我最早入行,是在上海。那时候的招聘启事,贴在电线杆上、巷子口,措辞比现在生猛直接多了。后来转到运营岗,自己也亲手拟过、看过无数份。看到“昆山蓝孔雀”这几个字,我脑子里自动就跳出了一整套画面:场馆大概在开发区某个酒店的二三层,或者是一片餐饮娱乐街的显眼位置;内部装修一定是那种力求“闪亮”的风格,水晶吊灯,深色反光的大理石,沙发是丝绒的,颜色得是宝蓝或暗红。招聘词里那几个词,我都能背出来,也深知它们背后的密码。
“高薪日结”——这四个字吸引力最大,也最沉重。它瞄准的是对现金有即时需求的人。可能是厂里刚出来的年轻人,嫌流水线太闷、钱太死;也可能是背着点债,需要快钱周转。日结意味着没有劳动合同那套东西,也意味着收入极不稳定,全看当晚的“业绩”和客人的心情。它给你一种虚幻的控制感,好像命运当晚就能兑现,其实更深地把你绑在了那个夜晚的轮盘上。
“形象佳,气质好”——这从来不止是五官和身材。它真正的意思是:你需要一种能迅速融入那种特定氛围,并且能主动或被动地“带动”那种氛围的能力。要能喝酒,但最好看起来不太能喝;要会聊天,但话题的深浅、节奏得由客人主导。我面试过不少人,有的女孩漂亮得扎眼,但眼神里带着刺,或者有种挥之不去的怯,这种往往在第一轮就被筛掉了。反倒是有一种,看起来清秀温和,但言谈举止里有种破釜沉舟的平静,或者眼珠子转得特别活,能接住你抛出的任何带点颜色的话茬儿,这种,经理们通常很喜欢。他们管这叫“有悟性”。

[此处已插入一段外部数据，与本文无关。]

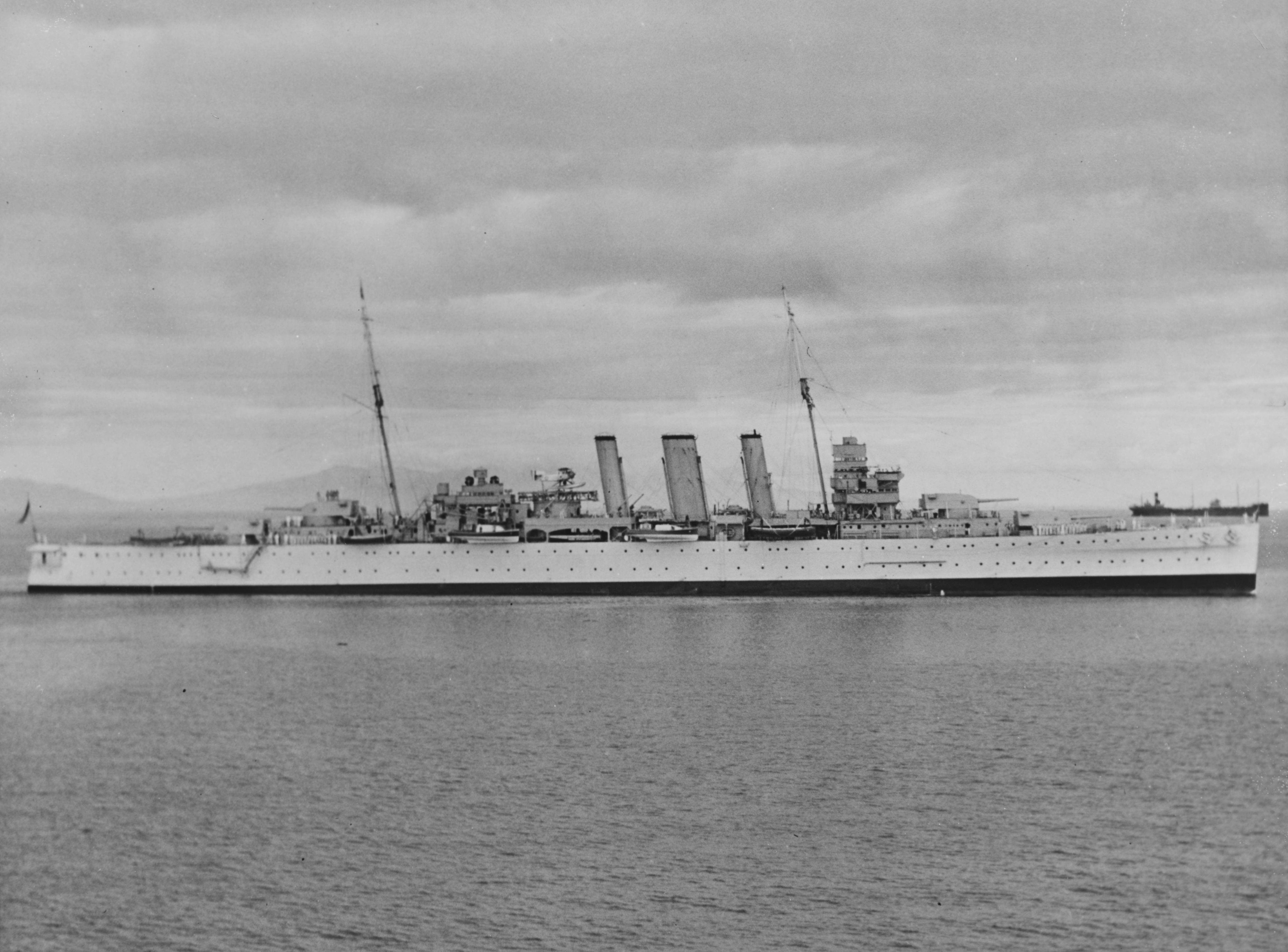 The Royal Navy heavy cruiser HMS Kent (54) at anchor, circa in 1930.

“工作氛围好”——哈哈。这个最妙。什么叫氛围好?是同事之间亲如姐妹,还是管理人员体贴入微?某种程度上,是的。一个组需要凝聚力,才能互相带动、互相照应(或者说,互相监督)。但更多的,是指向客人那边的。意思是我们这里安全(相对而言),有规矩,客人素质“还行”,不会动不动就掀桌子打人。在昆山这种地方,这条很重要。昆山太特别了,一座被台资电子厂和零部件供应链塑造的城市。白天,满街是穿着工服、步履匆匆的年轻男女;入夜,那种被流水线规训了一整天的身体和精神,需要找一个出口。释放压力,确认存在感,哪怕只是用微薄的薪水买几个小时的“被服务”幻觉。所以昆山的夜场,和上海静安、黄浦那些顶着英文名字、讲究酒水单和背景音乐的地方截然不同,也区别于苏州园区那种带着点文艺和小资情调的清吧。它更直接,更生猛,更带着一种“生存”层面的交换气息。需求是巨大的,供给也是庞大的。那些招聘广告,就像撒向厂区宿舍周围水域的网,总能捞到一些想换个活法,或者单纯想多挣点钱的鱼。

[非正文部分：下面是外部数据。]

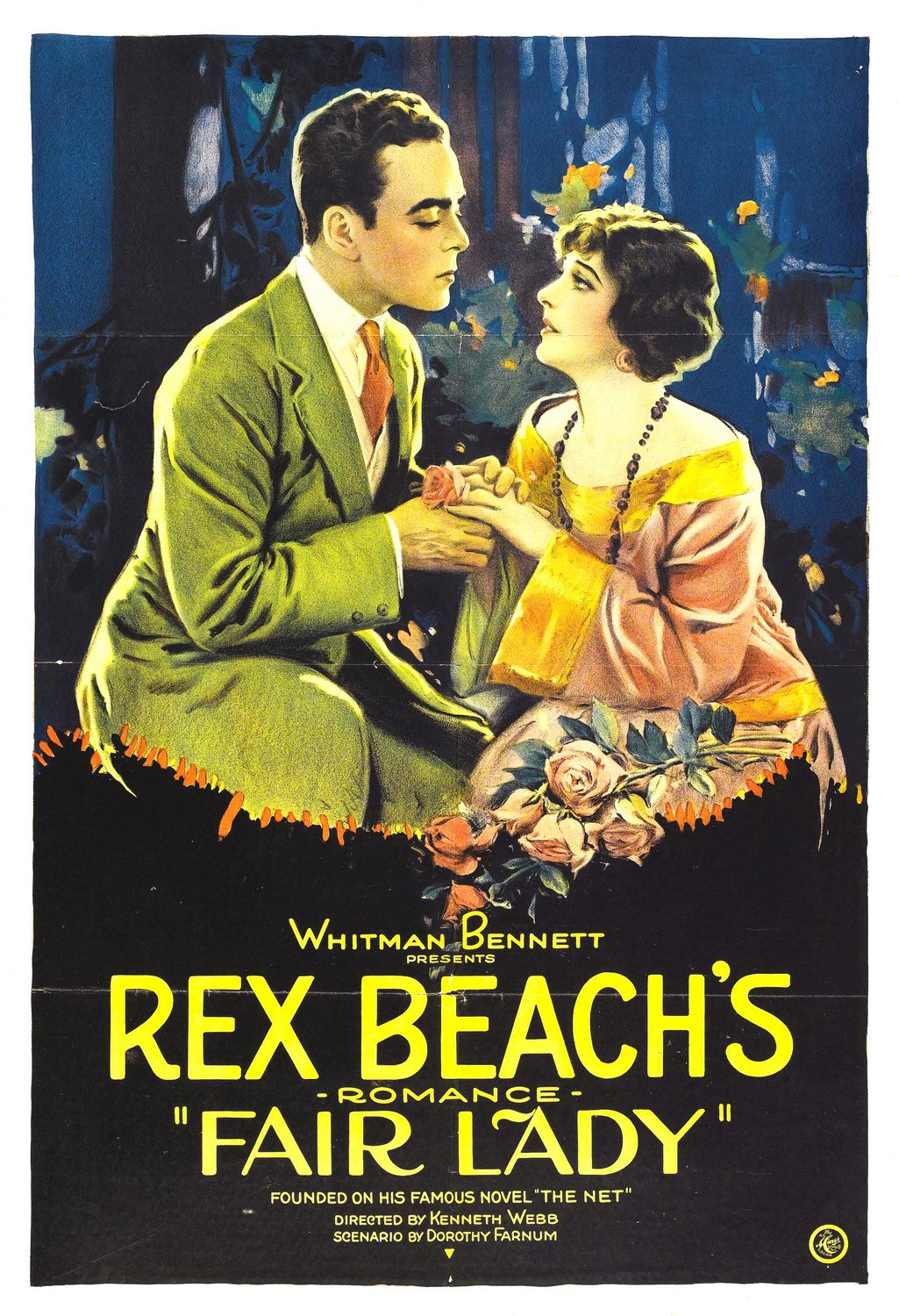 Poster for the 1922 film Fair Lady. Countess Margherita (Betty Blythe) and Norvin Blake (Robert Elliott) are shown.

我记得有一次,大概六七年前吧,我在苏州协助一家新店做开业前培训。培训内容里,有一部分是教新人如何“开场”,就是和客人说第一句话,破冰。我们设计了几种模板,从询问酒水喜好到夸赞对方发型衣着。培训师在台上讲得口干舌燥,底下坐着二十几个年轻男女,大多眼神游离,或低头玩手机。轮到练习环节,两个人一组模拟。我走过去听。一个看起来顶多二十岁的男生,对着他的同伴(另一个男生),挤出一个极其僵硬的笑容,然后用背诵课文般的语调说:“哥,看您今天心情不错,要不要试试我们新到的皇家礼炮?”他同伴没忍住,“噗嗤”笑了场。练习的男生顿时满脸通红,手足无措。那一刻我看到的不是不专业,而是一种非常真实的、属于他这个年纪的窘迫。他可能昨天还在某个电子厂的检测线上,看着显微镜下的电路板,今天就要学着说出“皇家礼炮”这种和他生活毫无关系的词。我后来没再见过他,不知道他是否留了下来,是否最终能面不改色地说出那些话,并且熟练地倒酒、点烟、讲着套路化的恭维话。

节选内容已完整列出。